» Problem
Your reply should reproduce all the data below exactly while excluding the pictures.

» Source data
"""

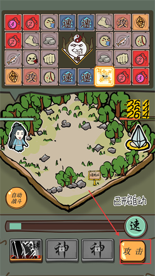3、戰(zhàn)斗中點(diǎn)擊【攻擊】按鈕釋放技能,配合已裝備的神通卡牌,快速提升輸出效率。
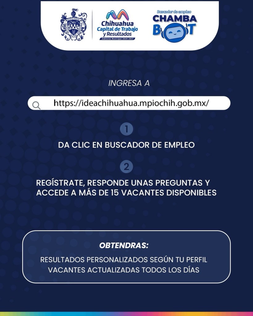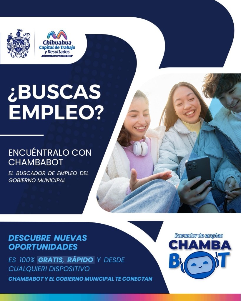 El Gobierno Municipal de Chihuahua, a través de la Dirección de Desarrollo Económico y Competitividad, reitera a la ciudadanía el uso de ChambaBot, la herramienta digital con inteligencia artificial que ayuda a encontrar empleo de forma rápida, sencilla y personalizada.
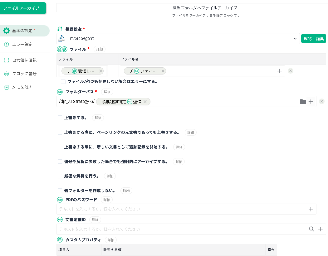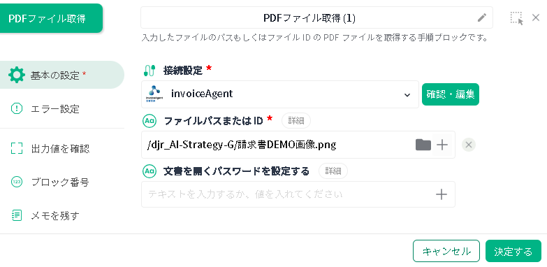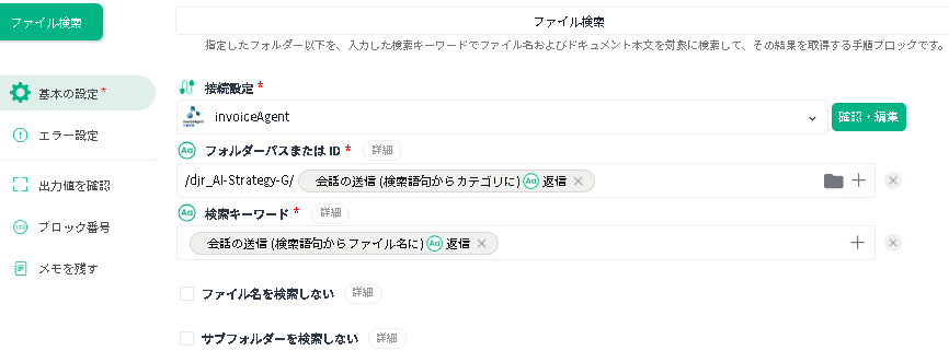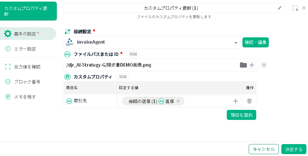 | 接続設定 | 作成済みの invoiceAgent 接続設定を選択します。 | 先の「ファイルプレビュー」ブロックで選択した接続設定が指定されている状態です。 |
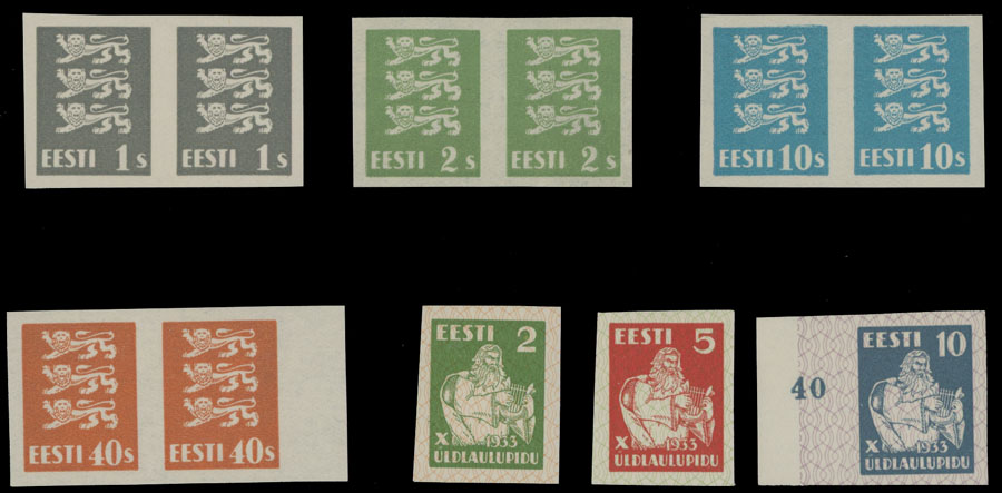 1926-33, Coat of Arms, imperforate plate proofs of 1s gray, 2s green, 10s blue and 40s orange, horizontal pairs printed on white paper without network, in addition Song Festival imperforate set of three, full OG, NH or LH (pair of 10s), VF, Est. $200-$250, Scott #90/95, 113-15 imp

"""

» Answer section
3、戰(zhàn)斗中點(diǎn)擊【攻擊】按鈕釋放技能,配合已裝備的神通卡牌,快速提升輸出效率。
 El Gobierno Municipal de Chihuahua, a través de la Dirección de Desarrollo Económico y Competitividad, reitera a la ciudadanía el uso de ChambaBot, la herramienta digital con inteligencia artificial que ayuda a encontrar empleo de forma rápida, sencilla y personalizada.
 | 接続設定 | 作成済みの invoiceAgent 接続設定を選択します。 | 先の「ファイルプレビュー」ブロックで選択した接続設定が指定されている状態です。 |
 1926-33, Coat of Arms, imperforate plate proofs of 1s gray, 2s green, 10s blue and 40s orange, horizontal pairs printed on white paper without network, in addition Song Festival imperforate set of three, full OG, NH or LH (pair of 10s), VF, Est. $200-$250, Scott #90/95, 113-15 imp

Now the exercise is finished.